4.3. Lodging Feature

Lodging of crops is a critical factor, which can lead to substantial reduction of yield. Firstly, we trained the predictive model by solely using the lodging features, which has relatively lower model accuracy (up to 69.32%) than that trained by using both HS data and lodging features. Moreover, our comparison between including and excluding lodging information when training the predictive model demonstrated how great the impact of lodging is on the accuracy. To further explore the role of lodging characteristics in the yield classification model, we counted lodging events (Supplemental Table 3). For instance, the two lines of class A, “tongjing887” and “jiyang46,” had a lodging index of 1 indicating mild lodging at midmaturity. Nevertheless, those two japonica lines were full of tassels suggesting that the filling of rice grains in later stages was not impaired. Lines without lodging might indicate a reduced number or length of ears. The precision accuracy of class A was 100%. We suspect that the successful prediction of a particular class correlates with the amount of lodging in the same class. Unfortunately, our dataset contains only one rice category with a lodging index of 1, and further studies are required to test this hypothesis. In addition, since lodging was an important factor for identifying high-yielding rice, the texture parameters and morphological parameters were also worth exploring. In this study, we also used three different texture features, which included local range, local standard deviation, and local entropy (convert RGB image to grayscale image) to improve the yield prediction (Figure 11). Although these texture features including local range, local standard deviation, and local entropy (convert RGB image to grayscale image) have been added in this article, the accuracy of the classification has not been improved. However, there may be other texture or morphological characteristics [4042] which can heavily affect the prediction of high-yield rice. Considering various factors affecting rice growth, the breeder may dig out more agronomic characteristics related to rice yield in future.

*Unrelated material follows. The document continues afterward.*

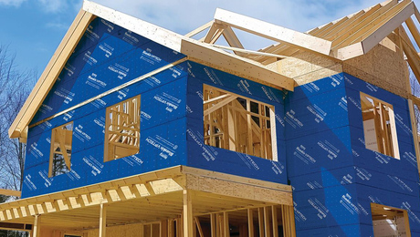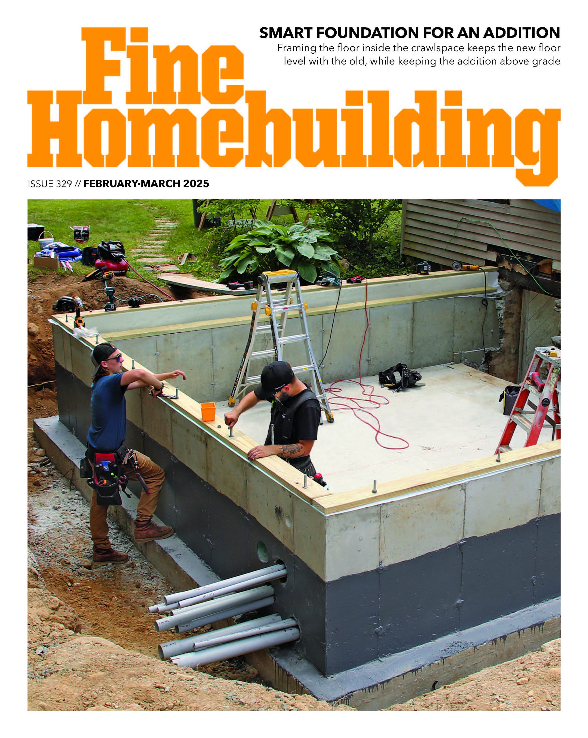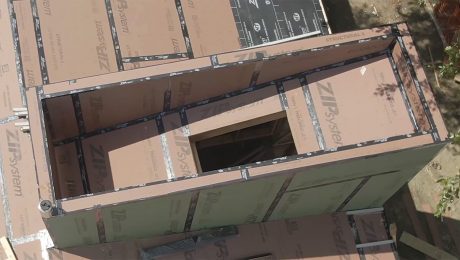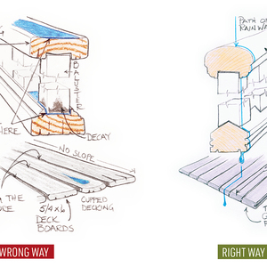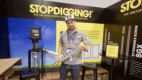 Once materials arrive on-site, you’re ready to begin your installation. Start with a good level so that you can set plumb, and locate that plumb line at the correct dimension out from the exterior. We have a 6×6 structure inside, but the outside corners are almost 10×10. So even though this looks offset, it’s very intentionally centered on that exterior plane. Once you’ve established where that location is, you can even place your level on the picket provided by Feeney to make sure that you are again plumb. Then drill holes for all of your lags at the 3-in. centers already established on the picket.
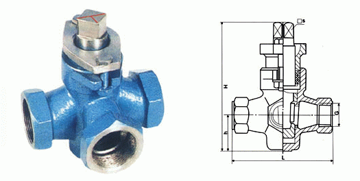 三通內(nèi)螺紋不銹鋼旋塞閥工作原理:

It can be found from the experiments in this article that lodging was an important feature. In this study, we collected spectral and RGB data to assist the breeder to determine the degree of lodging of rice from the mature stage, in which the lodging characteristics were relatively stable. We used the numbers 0 to 3 to indicate the degree of lodging, which were assigned based on the assessment of the rice breeder. Thus, the shortcomings of this classification might lie in the subjective assessment. As the consequence, it would be more objective if the degree of lodging could be represented by some digital features. According to previous works [43, 44], we initially employed a distinct method to reflect the lodging characteristics before we manually evaluated and ranked the lodging degree in this study.

We assumed that the corresponding fill volume in rice with lodging characteristics would be relatively large. Therefore, we measured the terrain 3D area (m2), fill volume (m3), fill volume error (m3), cut volume (m3), cut volume error (m3), total volume (m3), and total volume error (m3). Then, regression analysis was applied using these seven parameters as independent variables and the rice lodging label identified by breeders in the field as dependent variables. However, the correlation between these features and the lodging degree was too low (Figure 12), which suggested that there will be no suitable threshold to separate lodging and nonlodging characteristics. Therefore, in this study, we directly used the lodging index, which was manually evaluated and ranked. Further research will be needed to find a more appropriate method for measuring digital features to objectively reflect the lodging degree.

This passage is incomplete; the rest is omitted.